The Palace of Education has three Renaissance portals on the south facade. These are more Spanish in feeling than those of the two palaces just passed. The tympanum panel of the central doorway may be taken to represent kindergarten teaching, instruction of boys and girls, and self-education in young manhood. It is by Gustave Gerlach. The two panels in the walls over the minor doorways treat very obviously of educational subjects. They are flat in more senses than one, lacking the life of the central tympanum group. They are by students of two American art schools.

The west facade of the Palace of Education is dominated by an immense half-dome, impressive in size and attractively decorated.

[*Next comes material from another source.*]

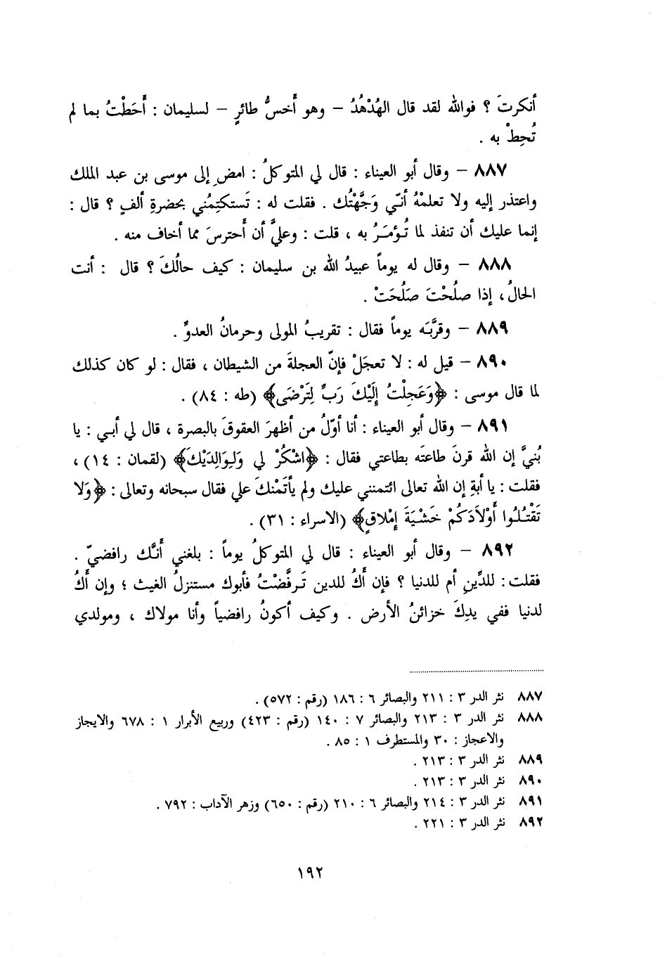 «890» - قيل له: لا تعجل فإنّ العجلة من الشيطان، فقال: لو كان كذلك لما قال موسى: وَعَجِلْتُ إِلَيْكَ رَبِّ لِتَرْضى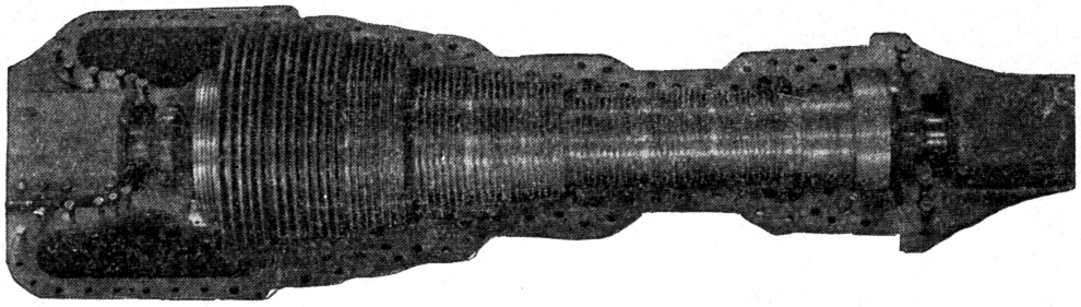 The water which goes to the step-bearing passes through a baffler, the latest type of which is shown by [37]Fig. 23. It is a device for restricting the flow of water or oil to the step- and guide-bearing. The amount of water necessary to float the machine and lubricate the guide-bearing having been determined by calculation and experiment, the plug is set at that point which will give the desired flow. The plug is a square-threaded worm, the length of which and the distance which it enters the barrel of the baffler determining the amount of flow. The greater the number of turns which the water must pass through in the worm the less will flow against the step-pressure.

The style of architecture here is mainly Roman, to harmonize with the Fine Arts Palace which it faces across the lagoon. There are two splendid architectural fountains, under the half-dome here and under, that of the Palace of Food Products.

Sculpture. Flanking the great arch are columns carrying the nude figure of a man, with hands crossed, gazing fixedly in thought. In the official list this is called "Philosophy" or "Thought," and from it the immense portal is called "The Half-dome of Philosophy." But the same figure occupies the corresponding position before the Food Products Palace, and is there called "Physical Vigor." The truth is that the artist designed the statue to suggest that finest of all unions of strength, the physically powerful man thinking. Thus the figure is appropriate to both a food products building and an education building. The figure is strong, but is not so convincing or appealing as the same artist's "Man with a Pick," in the Varied Industries portal. Within the half-dome is a repeated figure with a scroll inscribed "Libris," by Albert Weinert.

The six niches in the west wall have two repeated statues by Charles R. Harley, known as "The Triumph of the Field" and "Abundance." They are simply repeated from the Food Products Palace to the north, where they properly belong, and will be treated in the next chapter in connection with that building.

On the north facade of the Palace of Education are duplicates of the three south portals, with the same sculptured panels.